▸ **Exercise prompt**:
Would you transcribe the entries below, beginning at the line with "No wonder the" and ending after the line with "扫描如下左侧二维码浏览微信公", exactly, with no picture and nothing more?

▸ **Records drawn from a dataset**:
━━━━━━

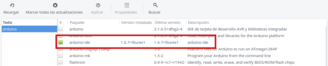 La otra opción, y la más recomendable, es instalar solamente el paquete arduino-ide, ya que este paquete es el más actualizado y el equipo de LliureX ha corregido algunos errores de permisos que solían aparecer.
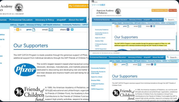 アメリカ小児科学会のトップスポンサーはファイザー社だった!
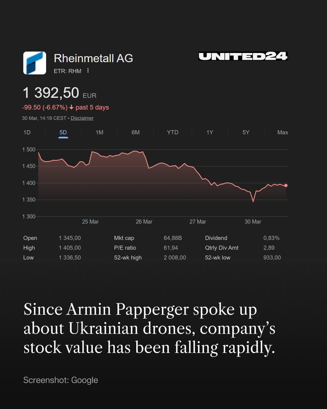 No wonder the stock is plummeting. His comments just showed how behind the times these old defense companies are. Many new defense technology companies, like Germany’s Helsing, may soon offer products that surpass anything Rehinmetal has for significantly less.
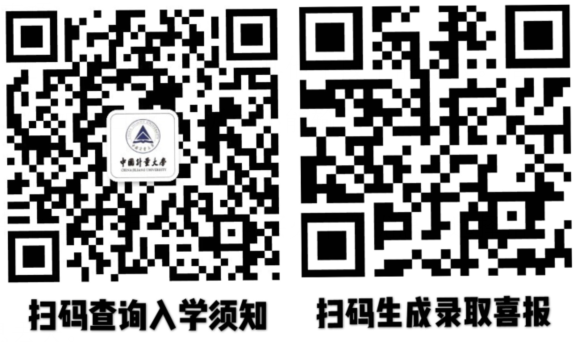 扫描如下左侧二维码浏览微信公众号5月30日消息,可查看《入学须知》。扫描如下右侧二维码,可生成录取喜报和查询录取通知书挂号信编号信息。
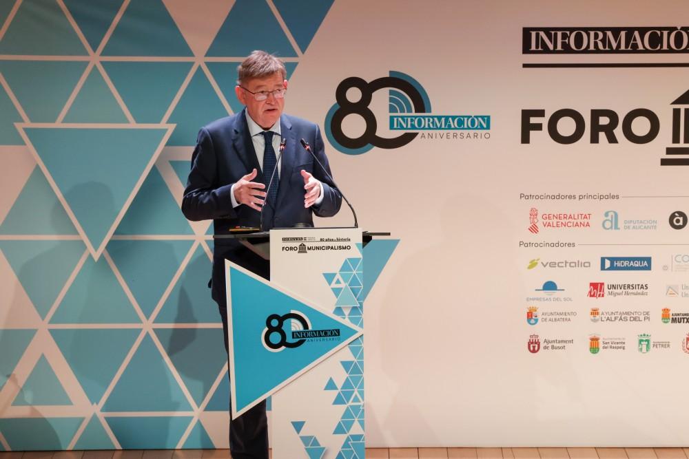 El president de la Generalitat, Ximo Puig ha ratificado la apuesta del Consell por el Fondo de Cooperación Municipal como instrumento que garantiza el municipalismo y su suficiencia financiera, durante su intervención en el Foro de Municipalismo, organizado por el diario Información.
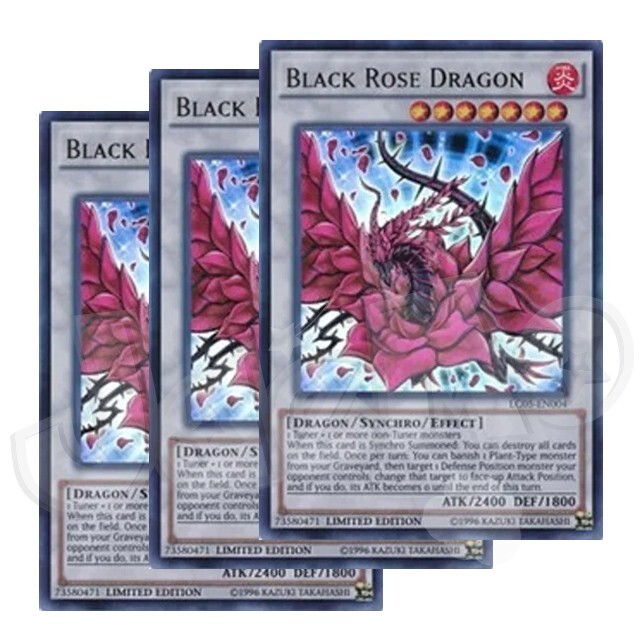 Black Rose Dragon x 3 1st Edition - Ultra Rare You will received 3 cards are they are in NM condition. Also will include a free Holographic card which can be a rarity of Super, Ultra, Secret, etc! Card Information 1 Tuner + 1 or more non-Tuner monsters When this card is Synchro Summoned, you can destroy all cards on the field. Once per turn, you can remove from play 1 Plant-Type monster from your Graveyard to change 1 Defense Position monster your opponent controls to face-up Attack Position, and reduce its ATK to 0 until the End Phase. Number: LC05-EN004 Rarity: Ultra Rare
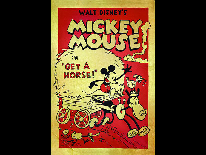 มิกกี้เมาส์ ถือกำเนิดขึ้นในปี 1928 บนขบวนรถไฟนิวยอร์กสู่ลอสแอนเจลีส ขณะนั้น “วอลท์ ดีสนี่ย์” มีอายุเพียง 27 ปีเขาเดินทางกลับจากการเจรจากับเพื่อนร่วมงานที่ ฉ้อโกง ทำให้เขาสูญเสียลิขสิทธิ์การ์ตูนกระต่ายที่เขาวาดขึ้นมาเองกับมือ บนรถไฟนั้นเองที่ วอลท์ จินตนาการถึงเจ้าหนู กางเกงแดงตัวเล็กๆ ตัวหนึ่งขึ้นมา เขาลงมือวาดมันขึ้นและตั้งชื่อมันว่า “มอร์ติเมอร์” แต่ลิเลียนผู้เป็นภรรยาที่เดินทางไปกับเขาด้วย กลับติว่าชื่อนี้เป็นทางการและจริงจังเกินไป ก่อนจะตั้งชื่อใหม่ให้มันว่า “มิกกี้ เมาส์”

━━━━━━

▸ **The answer**:
 No wonder the stock is plummeting. His comments just showed how behind the times these old defense companies are. Many new defense technology companies, like Germany’s Helsing, may soon offer products that surpass anything Rehinmetal has for significantly less.
 扫描如下左侧二维码浏览微信公众号5月30日消息,可查看《入学须知》。扫描如下右侧二维码,可生成录取喜报和查询录取通知书挂号信编号信息。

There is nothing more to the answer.